More restrictive residency policies can have widespread effects on housing markets.

Immigration is among the most hotly debated issues in America right now, but regardless of the political arguments about how to manage the country’s borders, there’s no denying that an uptick in foreign residents in the U.S. is a boon for real estate, according to Alex Nowrasteh, immigration policy analyst with the Cato Institute’s Center for Global Liberty and Prosperity. 

“No other market is more affected by immigration than real estate,” Nowrasteh said at a session called “Housing Markets Are International” at the REALTORS® Legislative Meetings & Trade Expo. “The effect of immigration on the labor market is, at worst, one-tenth the size that it is on real estate.” He noted that immigrants gravitate toward construction jobs at a much higher rate than American-born citizens. When immigration rates increase, the homebuilding industry may benefit. 

Nowrasteh also said Cato Institute research has shown that on a local level, a 1 percent rise in the immigrant population corresponds to a 1 percent hike in rental rates. And with 22.6 percent of the U.S. population—or 43.3 million people—being foreign-born, according to Census Bureau data, the economy is getting a huge influx of cash. In 2012, Nowrasteh noted, immigrants added $3.1 trillion to U.S. housing wealth, mostly in mid- to low-income counties. 

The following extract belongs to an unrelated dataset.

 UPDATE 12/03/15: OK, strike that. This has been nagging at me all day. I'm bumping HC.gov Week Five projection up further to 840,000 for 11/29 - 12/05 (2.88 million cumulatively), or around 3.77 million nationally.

Policies that tamp down immigration will tend to have a negative effect on housing, Nowrasteh said, using a controversial Arizona law as an example. The Legal Arizona Workers Act, which was enacted in 2007, aims to crack down on employers who hire undocumented workers and force illegal immigrants out of the state. Between 2008 and 2010, about 100,000 residents left Arizona, resulting in a 16 percent decline in foreign-born residents, Nowrasteh said. During that same time period, rental vacancy rates soared from 9.8 percent to 16.8 percent. 

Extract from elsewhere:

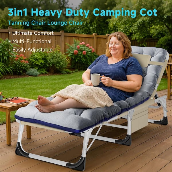 Folding Sun Tanning Chair 3 in 1 Metal Outdoor Chaise Lounge Chairs with Beige Cushions Patio Chaise Chair, 1-Piece
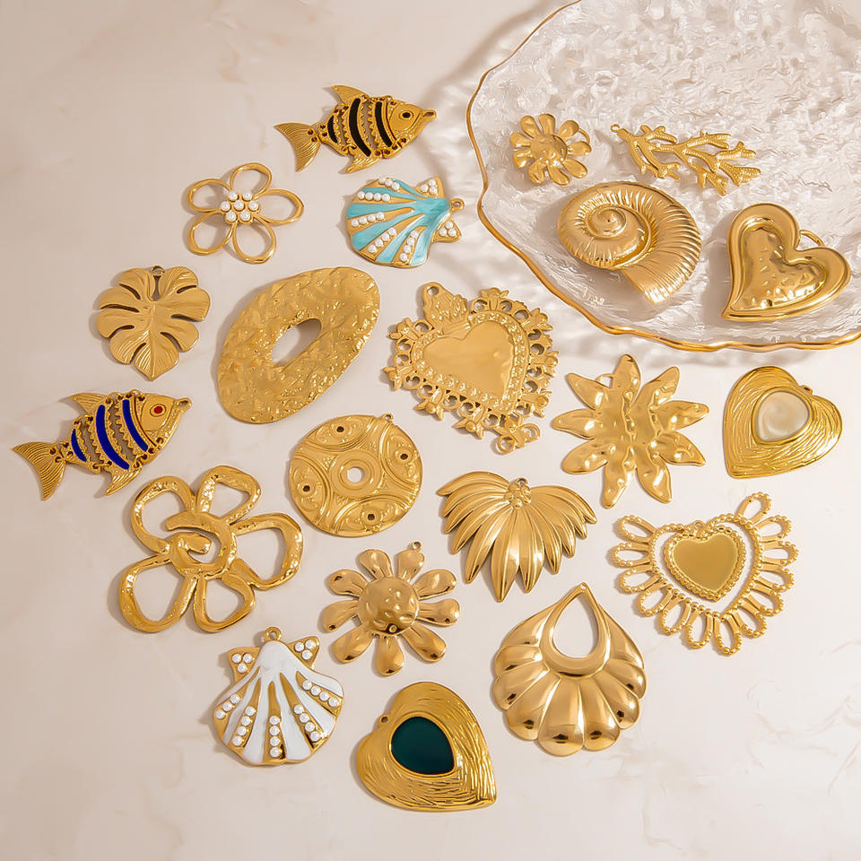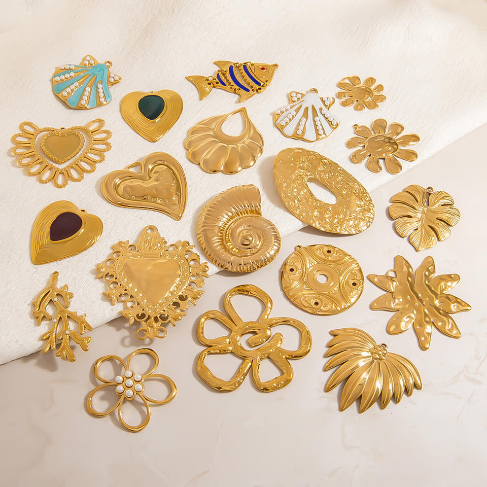 Dijes de Flores de Corazón de Acero Inoxidable para Mujer, Accesorios de Joyería DIY, Colgante Chapado en Oro de 18K, Suministros para Hacer Joyería

The exodus wasn't the sole reason for skyrocketing housing vacancies given that it took place in the midst of the last housing crisis, Nowrasteh noted. But it definitely compounded the problem, he said. “A shrinking population decreases housing prices, period. If you want to increase housing prices, the number one things you can do is increase the population.” 

Also during the session, Danielle Hale, managing director of housing statistics for the National Association of REALTORS®, revealed NAR’s latest research on international buying activity in the U.S. in 2016. These are some of the highlights: 

  • Foreign buyers purchased $102.6 billion worth of U.S. real estate. 
  • While the majority of foreign buyers typically reside outside the U.S., 2016 was the first year that more were living inside the country. 
  • Following the trend of the last few years, China again represented the largest share of foreign buyers in the U.S., followed by Canada, the United Kingdom, India, and Mexico. Buyers from Canada and the UK were most likely to reside primarily outside the U.S. 
  • The average price of a property purchased by a foreign buyer was around $477,000, while the average national home price was $260,000.
  • Florida, California, Texas, Arizona, and New York were the most popular states for both foreign buyers and sellers.